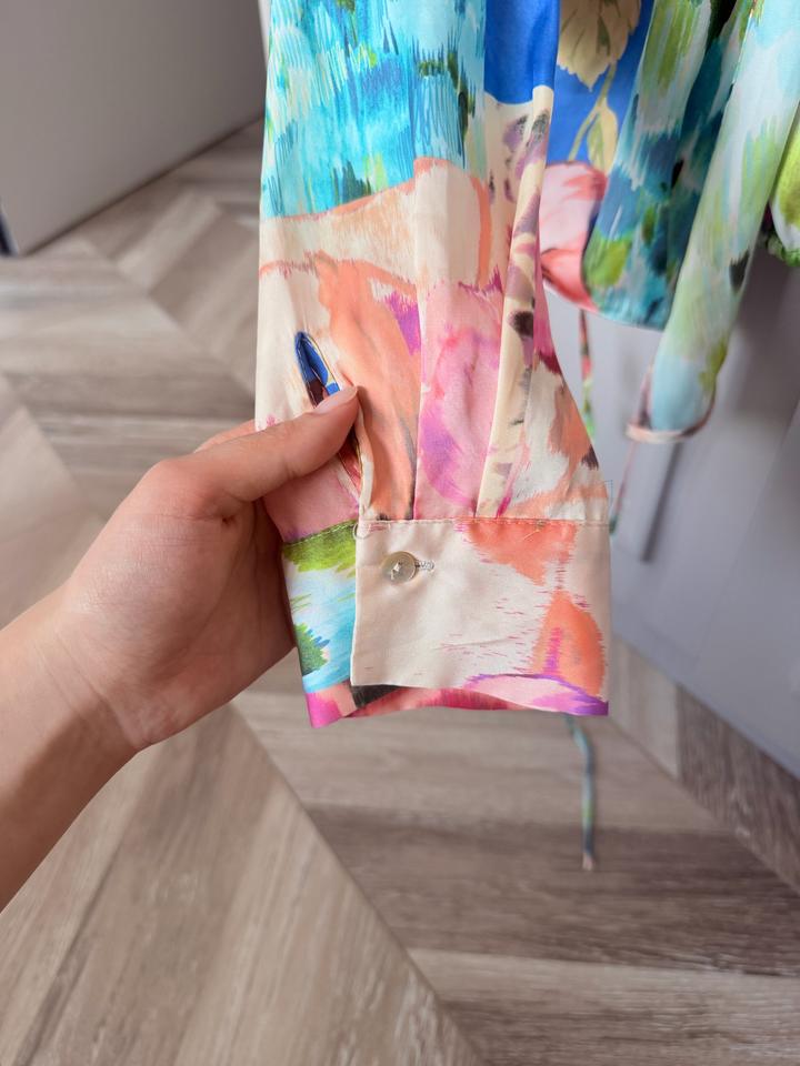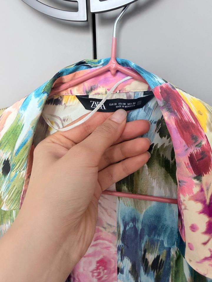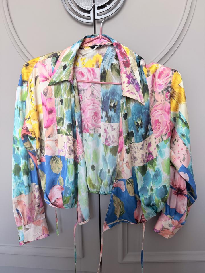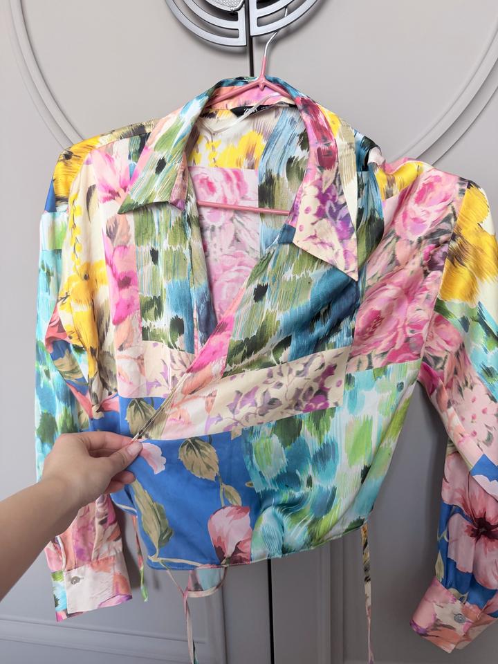 Разноцветная блузка зара на завязках (изнутри можно топ одеть или так носить) •Размер XS •Цвета насыщенные так как блузка почти как новая носилась пару раз •Сзади резиночка •На рукавах пуговицы На лето самое то Девочкам подросткам вообще супер будет Артикул: 539562
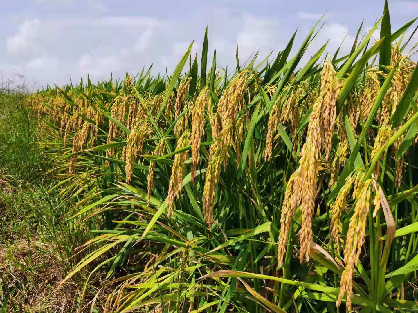 望着试验基地中植株坚挺、稻穗沉甸、谷粒饱满的水稻,前来考察的领导们十分满意,对今年的测产结果充满期待!
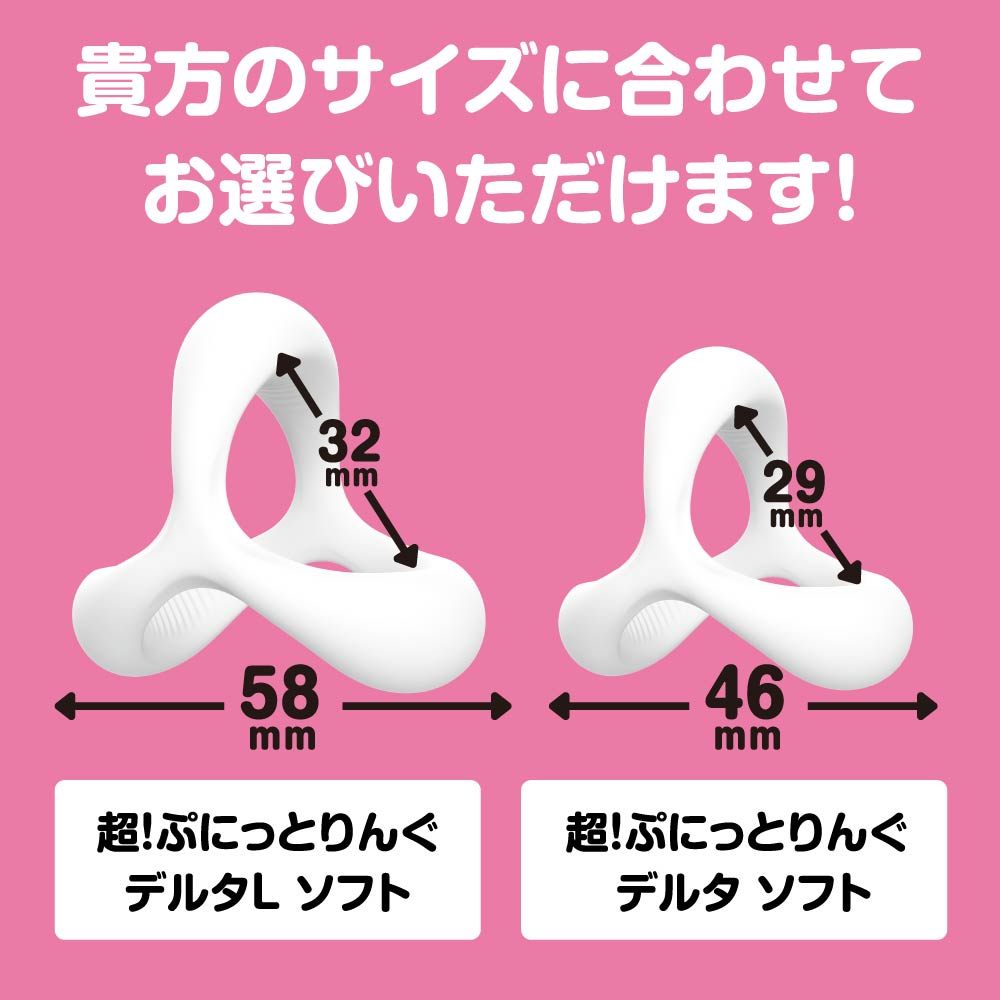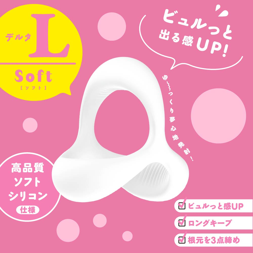 超!ぷにっとりんぐデルタにLサイズが登場!サイズに合わせて選択ができるようになりました。サッと装着♪ピタッと密着!根元を3点締めしてくれるデルタ形状のソフトverです。臭いのない高品質ソフトシリコンで着けてるストレスを軽減!デルタ形状でやさしく締め付け!勃ちの維持!萎え気味の竿の補強!イキ抑制!フィット面に施された滑り止めがズレを軽減し、皮戻り防止にも便利です。ビュルっと出る感UPでゆ~っくり夢心地発射!検査番号:2500422
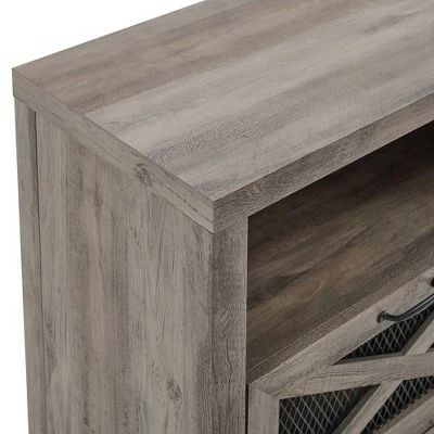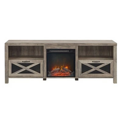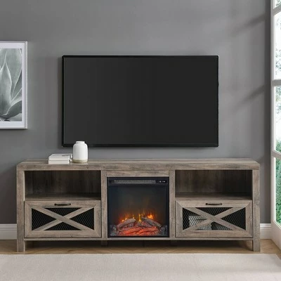 Rejuvenate your entertainment setup with Saracina Home’s Newark Industrial Farmhouse Drop Down Metal Mesh X Door 70″ TV Stand with Electric Fireplace. The easy-to-install electric fireplace insert ignites new warmth into your living room. Separate switches control the heat and the LED flames, so you can choose one or both to fit your mood. Two open shelves are the perfect place to display our media components, while the two drop-down doors keep your space looking organized. The doors’ X fronts and metal mesh panels provide the perfect rustic accompaniment to your cozy atmosphere.
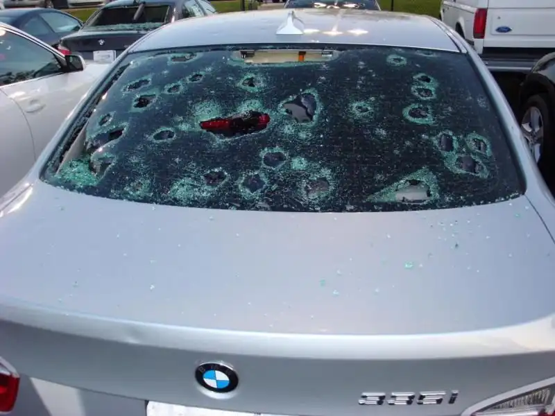Ни один здравомыслящий американский водитель не пренебрежет страховкой от погодных условий. У них там жестко - не ураган, так град. И они не жалеют ни дорогие, ни дешевые автомобили. И, к слову, оставаться в машине, когда с неба начинает сыпаться лед, не рекомендуется.
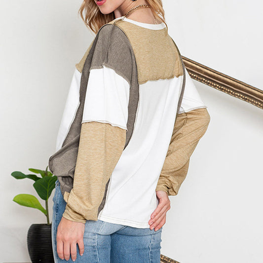 New Color Contrast Patchwork Long-sleeved Top For Women
--- --- ---
In your copy, repeat each record exactly and include no pictures.

SOLUTION TO THIS PROBLEM:
 Разноцветная блузка зара на завязках (изнутри можно топ одеть или так носить) •Размер XS •Цвета насыщенные так как блузка почти как новая носилась пару раз •Сзади резиночка •На рукавах пуговицы На лето самое то Девочкам подросткам вообще супер будет Артикул: 539562
 望着试验基地中植株坚挺、稻穗沉甸、谷粒饱满的水稻,前来考察的领导们十分满意,对今年的测产结果充满期待!
 超!ぷにっとりんぐデルタにLサイズが登場!サイズに合わせて選択ができるようになりました。サッと装着♪ピタッと密着!根元を3点締めしてくれるデルタ形状のソフトverです。臭いのない高品質ソフトシリコンで着けてるストレスを軽減!デルタ形状でやさしく締め付け!勃ちの維持!萎え気味の竿の補強!イキ抑制!フィット面に施された滑り止めがズレを軽減し、皮戻り防止にも便利です。ビュルっと出る感UPでゆ~っくり夢心地発射!検査番号:2500422
 Rejuvenate your entertainment setup with Saracina Home’s Newark Industrial Farmhouse Drop Down Metal Mesh X Door 70″ TV Stand with Electric Fireplace. The easy-to-install electric fireplace insert ignites new warmth into your living room. Separate switches control the heat and the LED flames, so you can choose one or both to fit your mood. Two open shelves are the perfect place to display our media components, while the two drop-down doors keep your space looking organized. The doors’ X fronts and metal mesh panels provide the perfect rustic accompaniment to your cozy atmosphere.
Ни один здравомыслящий американский водитель не пренебрежет страховкой от погодных условий. У них там жестко - не ураган, так град. И они не жалеют ни дорогие, ни дешевые автомобили. И, к слову, оставаться в машине, когда с неба начинает сыпаться лед, не рекомендуется.
 New Color Contrast Patchwork Long-sleeved Top For Women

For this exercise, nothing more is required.